What you will do: Should a picture appear anywhere in the data, omit it and copy everything else exactly.
━━━ Stored data
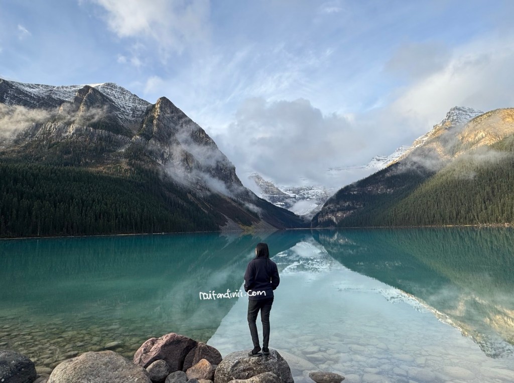 Masih pagi suasananya masih tenang dan nyaman. Namun menjelang siang, area disekitar danau ini menjadi lebih ramai. Terlihat ada beberapa bus membawa wisatawan. Disekitar danau juga terdapat hutan hijau dan padang rumput yang dihuni berbagai satwa liar seperti beruang dan rusa. Sebenarnya ada banyak jalur hiking disekitaran danau ini yang menawarkan pemandangan yang luar biasa. Namun ada beberapa jalur hiking terkenal seperti Lake Louise Lakeshore Trail, mount Fairview, Beehive trail, dan sebagainya. Lake Louise Lakeshore trail ini jalur yang sangat mudah diakses dengan mengikuti jalur sepanjang tepi Lake Louise. Sebenarnya kita pengen ikutin jalur ini, namun karena sempat gerimis jadinya kita mager deh.
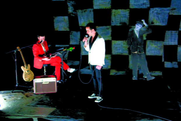 Von Fabienne Naegeli – Der Tod als Rockstar in EberhardGalati’s «I see a darkness»: Eines haben wir alle gemeinsam. Irgendwann ist Schluss. Das letzte Stündchen schlägt und das Licht geht für immer aus. Manche entschlafen sanft und friedlich, andere treten eine abenteuerliche, letzte Reise an. So auch ein Musiker, der aufgrund eines Autounfalls eine Nahtoderfahrung durchlebt. Seine Vergangenheit zieht in einer blitzlichtartigen Bilderschau an ihm vorüber, währendem er die fünf Sterbephasen, wie sie die Schweizer Ärztin und Forscherin Elisabeth Kübler-Ross definierte, durchlebt. In dieser Zwischenwelt trifft der Musiker auf den Tod in Persona, der nicht etwa in düsterer Sensenmann-Manier auftritt, sondern in einem roten Anzug mit Gitarre. Denn wenn Gott ein DJ ist, muss der Tod, damit es eine himmlisch schöne Party gibt, natürlich ein Rockstar sein. Der verunfallte Musiker kann nicht nachvollziehen, warum ausgerechnet er sterben soll. Er hat Angst davor, will es nicht wahrhaben, verweigert sich zornig dem Tod und versucht mit ihm zu verhandeln. Doch am Ende bleibt nur das Einlenken und Zustimmen. «Is a hope that somehow you, can save me from this darkness.» Auf der emotionalen Achterbahnfahrt trifft er neben dem Tod, der ihn mit Songs von Joy Division, Queen, At the Drive In, Townes van Zandt und Radiohead begleitet, immer wieder auf «The Voice» Frank S(inatra). Vom einstigen Star der Zwanziger Jahre ist allerdings nur noch eine ziemlich lädierte Pappfigur übrig geblieben, ein Abbild, das Fragmente aus seinen berühmtesten Songs wiedergibt.
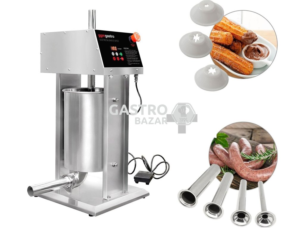 Elektrická plnička klobás & stroj na Churros - 12L - 90 W - nerezová ocel - vč. 4 nástavců a 3 nástavců na Churros
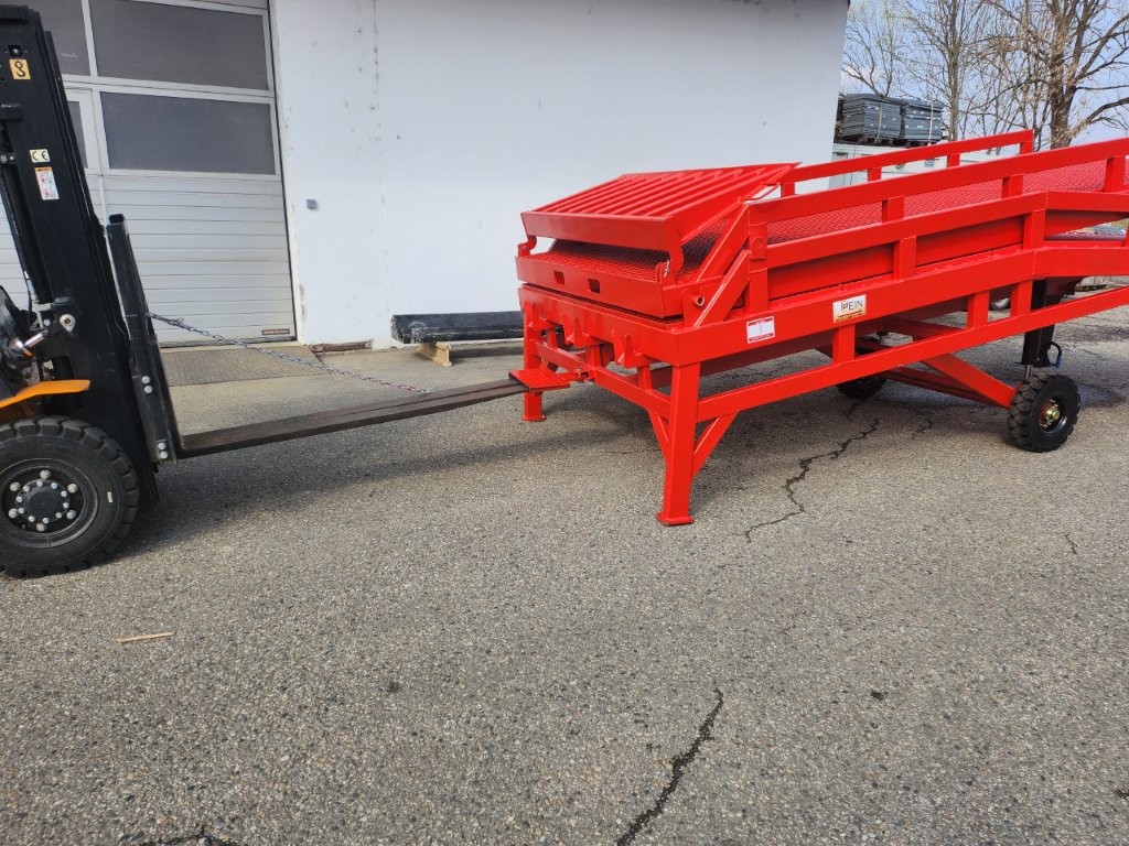 In der modernen Logistik ist Zeit Geld. Über unsere 8 to mobile Laderampe können Sie Be-und Entladearbeiten problemlos und gefahrlos durchführen. Die Verladerampe ermöglicht es Ihnen, mit einem Stapler, Hubwagen oder Maschinen in den Laderaum zu fahren oder Frachten/Maschinen/Fahrzeuge aus dem Frachtraum zu bewegen - dabei ist die Rampe mobil und bereits mit einem kleinen Stapler rangierbar!
━━━━━━
Task response:
 Masih pagi suasananya masih tenang dan nyaman. Namun menjelang siang, area disekitar danau ini menjadi lebih ramai. Terlihat ada beberapa bus membawa wisatawan. Disekitar danau juga terdapat hutan hijau dan padang rumput yang dihuni berbagai satwa liar seperti beruang dan rusa. Sebenarnya ada banyak jalur hiking disekitaran danau ini yang menawarkan pemandangan yang luar biasa. Namun ada beberapa jalur hiking terkenal seperti Lake Louise Lakeshore Trail, mount Fairview, Beehive trail, dan sebagainya. Lake Louise Lakeshore trail ini jalur yang sangat mudah diakses dengan mengikuti jalur sepanjang tepi Lake Louise. Sebenarnya kita pengen ikutin jalur ini, namun karena sempat gerimis jadinya kita mager deh.
 Von Fabienne Naegeli – Der Tod als Rockstar in EberhardGalati’s «I see a darkness»: Eines haben wir alle gemeinsam. Irgendwann ist Schluss. Das letzte Stündchen schlägt und das Licht geht für immer aus. Manche entschlafen sanft und friedlich, andere treten eine abenteuerliche, letzte Reise an. So auch ein Musiker, der aufgrund eines Autounfalls eine Nahtoderfahrung durchlebt. Seine Vergangenheit zieht in einer blitzlichtartigen Bilderschau an ihm vorüber, währendem er die fünf Sterbephasen, wie sie die Schweizer Ärztin und Forscherin Elisabeth Kübler-Ross definierte, durchlebt. In dieser Zwischenwelt trifft der Musiker auf den Tod in Persona, der nicht etwa in düsterer Sensenmann-Manier auftritt, sondern in einem roten Anzug mit Gitarre. Denn wenn Gott ein DJ ist, muss der Tod, damit es eine himmlisch schöne Party gibt, natürlich ein Rockstar sein. Der verunfallte Musiker kann nicht nachvollziehen, warum ausgerechnet er sterben soll. Er hat Angst davor, will es nicht wahrhaben, verweigert sich zornig dem Tod und versucht mit ihm zu verhandeln. Doch am Ende bleibt nur das Einlenken und Zustimmen. «Is a hope that somehow you, can save me from this darkness.» Auf der emotionalen Achterbahnfahrt trifft er neben dem Tod, der ihn mit Songs von Joy Division, Queen, At the Drive In, Townes van Zandt und Radiohead begleitet, immer wieder auf «The Voice» Frank S(inatra). Vom einstigen Star der Zwanziger Jahre ist allerdings nur noch eine ziemlich lädierte Pappfigur übrig geblieben, ein Abbild, das Fragmente aus seinen berühmtesten Songs wiedergibt.
 Elektrická plnička klobás & stroj na Churros - 12L - 90 W - nerezová ocel - vč. 4 nástavců a 3 nástavců na Churros
 In der modernen Logistik ist Zeit Geld. Über unsere 8 to mobile Laderampe können Sie Be-und Entladearbeiten problemlos und gefahrlos durchführen. Die Verladerampe ermöglicht es Ihnen, mit einem Stapler, Hubwagen oder Maschinen in den Laderaum zu fahren oder Frachten/Maschinen/Fahrzeuge aus dem Frachtraum zu bewegen - dabei ist die Rampe mobil und bereits mit einem kleinen Stapler rangierbar!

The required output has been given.